** EXERCISE AIM **
Directions for the data below: repeat exactly the lines from the one with "wytrzymałą tkaniną siatkową" through the one with "冬季风暴一来, 美多地电价涨到人民币约20元/度, 好像他们平时居民电价大概1元出头/度, 这一下直接翻了十几倍。", both included, and omit all pictures.

[Recorded data]
_ _ _
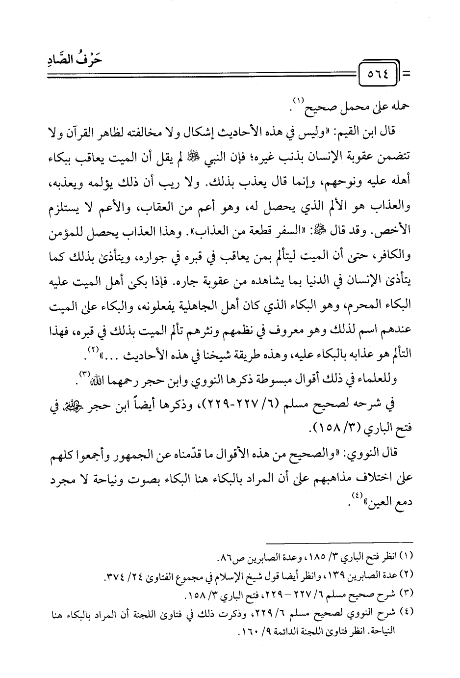 (¬٤) شرح النووي لصحيح مسلم ٦/ ٢٢٩، وذكرت ذلك في فتاوى اللجنة أن المراد بالبكاء هنا النياحة. انظر فتاوى اللجنة الدائمة ٩/ ١٦٠.
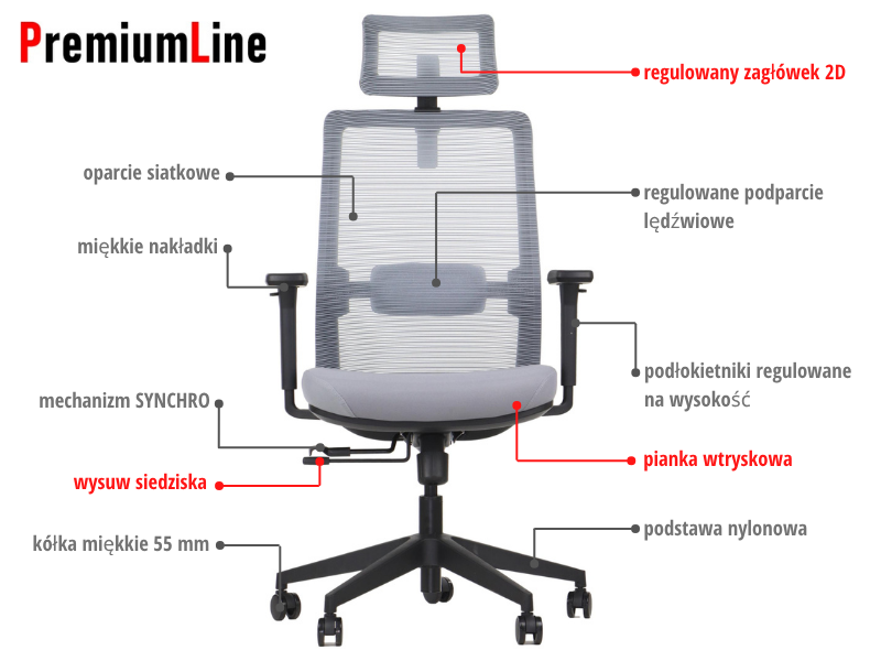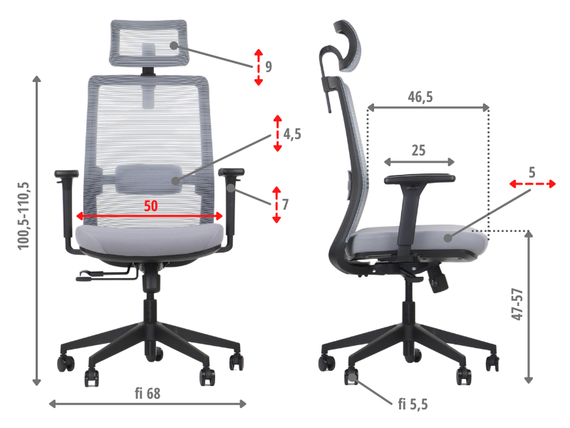 • oparcie tapicerowane wytrzymałą tkaniną siatkową
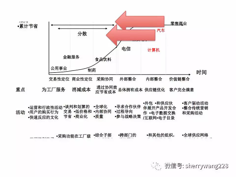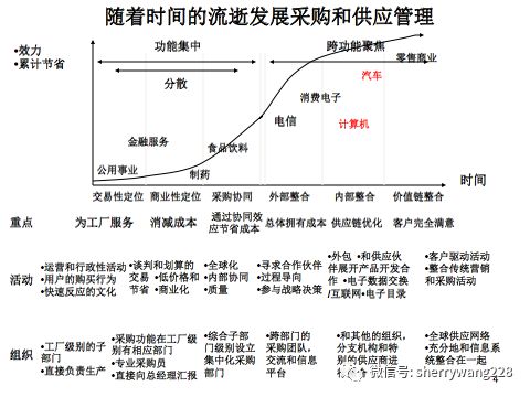 我用他的图为基础,根据多年工作和授课的随堂调研,给大家看看中国的采购和供应链目前在企业的状况吧。以汽车行业和零售业为例,普遍向左挪移。零售业虽然采销合作紧密,甚至合为一体,但是采购团队普遍认为无需了解制造的产品过程和供应链风险,因为那是那些制造业厂家的事情。而汽车行业以主车厂为带头,普遍比起国外汽车行业的管理概念滞后,成本降跨职能合作和采购的有效价值偏低,且中外合资带来的团队沟通障碍,匮乏透明管理,整体汽车行业采购和供应链从业人员也大批尚未接受专业培训,对于工作的问题头疼医头脚疼医脚,屁股指挥脑袋等缺乏战略部署的事情多有发生。当然行业大量缺乏采购和供应链的专业化高管人才,既懂专业又有管理能力的高管人才匮乏更是主要问题,导致企业战略规划缺乏科学性和合理性,随意性普遍出现。
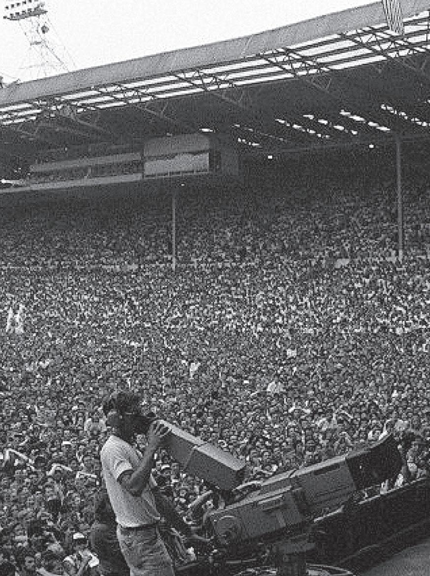 The set-up in Wembley was so pre-technological that Bob Geldof and all the other guests who filled the gaps by talking to broadcasters like me could only be interviewed if they first climbed via a series of catwalks up to a perspex box suspended in the eaves of the old stadium, the same box from which tweedy old commentators would pronounce on the goalscoring feats of footballers with perms. Wembley at the time was an old stadium which had been built for a pre-war world. Only a couple of months earlier it had been the venue for an FA Cup Final between two teams featuring only two players not born in the British Isles and only one of colour. It was mere weeks since the disaster at the Heysel Stadium in Brussels had killed thirty-nine people who had simply turned up to see a football match. In the Who’s crew that day were people who had been present at the concert in Cincinnati when eleven fans had
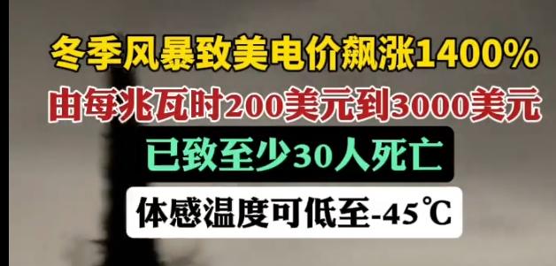 冬季风暴一来, 美多地电价涨到人民币约20元/度, 好像他们平时居民电价大概1元出头/度, 这一下直接翻了十几倍。 平时美国普通人拿出几百美元都难, 这一下电价涨了十几倍, 不是让他们吃饭取暖二选一么? 风暴一来就在基础民生上大刀割肉, 趁火打劫都不为过,加上物资短缺, 妥妥的雪上加霜。 美国普通人斩杀线不就这样么, 不论天灾还是人祸, 他们真的没啥抵抗力。 愿风暴早日过去吧, 供电恢复,电价回归正常, 让美国的普通人能少受点苦。
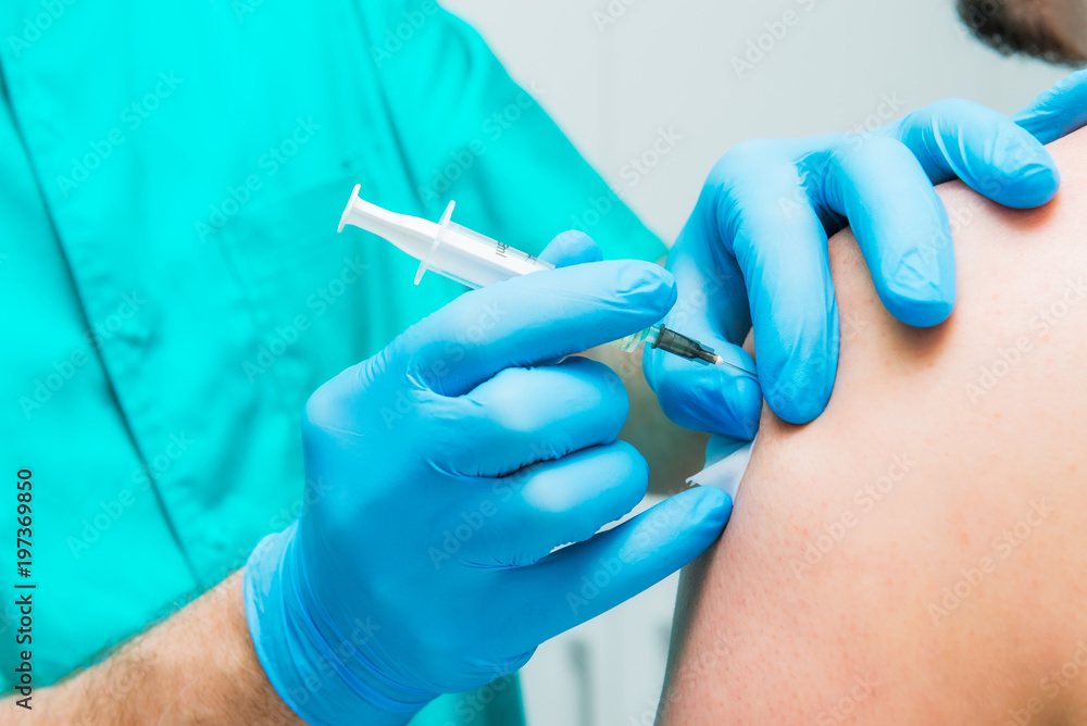Close up Neurologist doctor makes an injection therapy (blockade) into deltoid muscle of male patient. Alternative pain treatment concept. Selective focus, space for text.
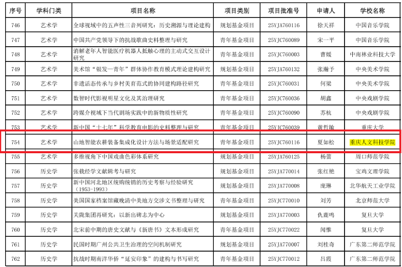 近期,教育部社会科学司发布了《教育部社科司关于2025年度教育部人文社会科学研究一般项目立项的通知》(教社科司函〔2025〕16号),重庆人文科技学院建筑与设计学院夏如松老师主持的《山地智能农耕装备集成化设计方法与场景适配研究》课题获批立项青年基金项目。
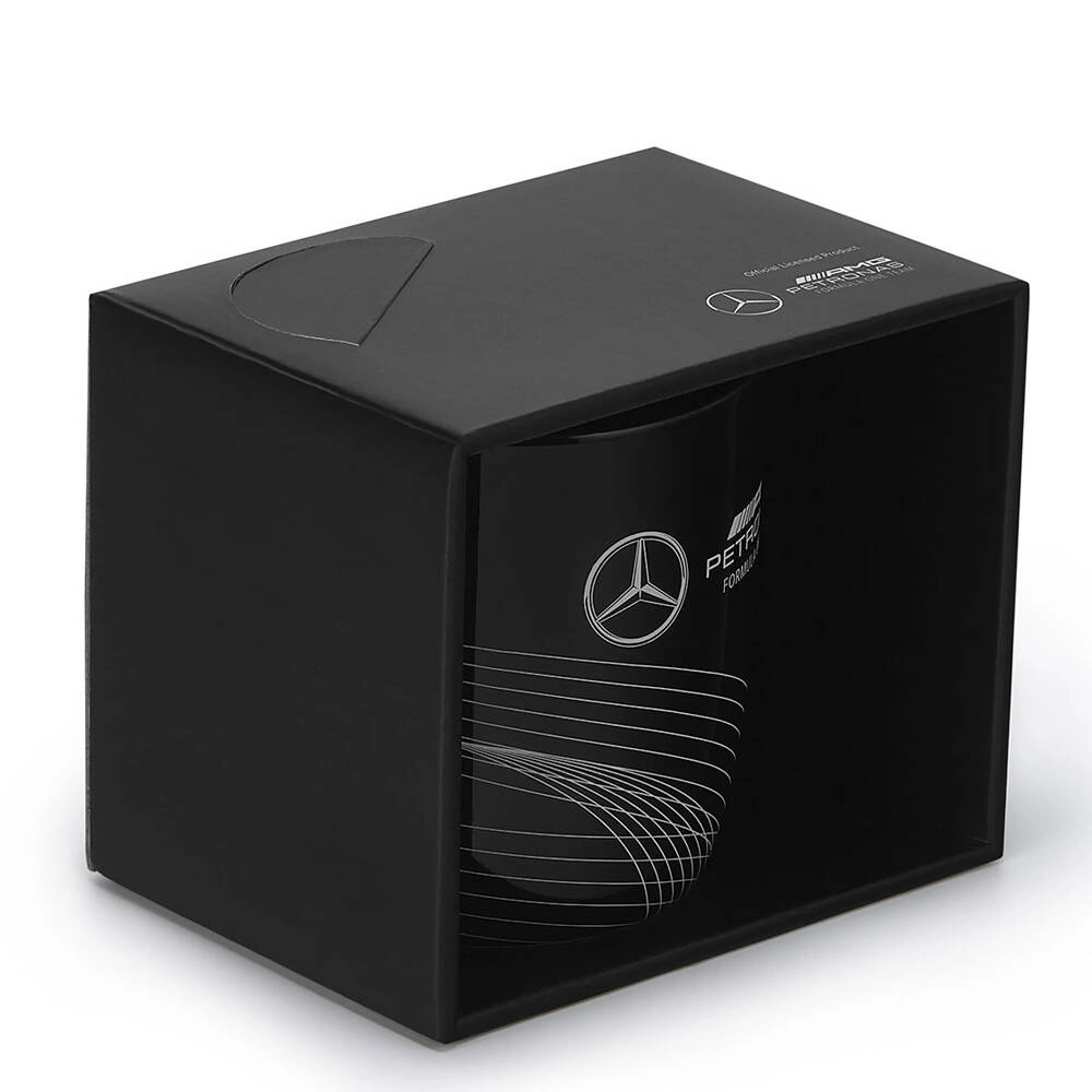The mug is part of the official Mercedes-AMG Petronas F1 Team collection, highlighting its unique character and excellent craftsmanship.
_ _ _
** SOLUTION TO THE PROBLEM **
 • oparcie tapicerowane wytrzymałą tkaniną siatkową
 我用他的图为基础,根据多年工作和授课的随堂调研,给大家看看中国的采购和供应链目前在企业的状况吧。以汽车行业和零售业为例,普遍向左挪移。零售业虽然采销合作紧密,甚至合为一体,但是采购团队普遍认为无需了解制造的产品过程和供应链风险,因为那是那些制造业厂家的事情。而汽车行业以主车厂为带头,普遍比起国外汽车行业的管理概念滞后,成本降跨职能合作和采购的有效价值偏低,且中外合资带来的团队沟通障碍,匮乏透明管理,整体汽车行业采购和供应链从业人员也大批尚未接受专业培训,对于工作的问题头疼医头脚疼医脚,屁股指挥脑袋等缺乏战略部署的事情多有发生。当然行业大量缺乏采购和供应链的专业化高管人才,既懂专业又有管理能力的高管人才匮乏更是主要问题,导致企业战略规划缺乏科学性和合理性,随意性普遍出现。
 The set-up in Wembley was so pre-technological that Bob Geldof and all the other guests who filled the gaps by talking to broadcasters like me could only be interviewed if they first climbed via a series of catwalks up to a perspex box suspended in the eaves of the old stadium, the same box from which tweedy old commentators would pronounce on the goalscoring feats of footballers with perms. Wembley at the time was an old stadium which had been built for a pre-war world. Only a couple of months earlier it had been the venue for an FA Cup Final between two teams featuring only two players not born in the British Isles and only one of colour. It was mere weeks since the disaster at the Heysel Stadium in Brussels had killed thirty-nine people who had simply turned up to see a football match. In the Who’s crew that day were people who had been present at the concert in Cincinnati when eleven fans had
 冬季风暴一来, 美多地电价涨到人民币约20元/度, 好像他们平时居民电价大概1元出头/度, 这一下直接翻了十几倍。 平时美国普通人拿出几百美元都难, 这一下电价涨了十几倍, 不是让他们吃饭取暖二选一么? 风暴一来就在基础民生上大刀割肉, 趁火打劫都不为过,加上物资短缺, 妥妥的雪上加霜。 美国普通人斩杀线不就这样么, 不论天灾还是人祸, 他们真的没啥抵抗力。 愿风暴早日过去吧, 供电恢复,电价回归正常, 让美国的普通人能少受点苦。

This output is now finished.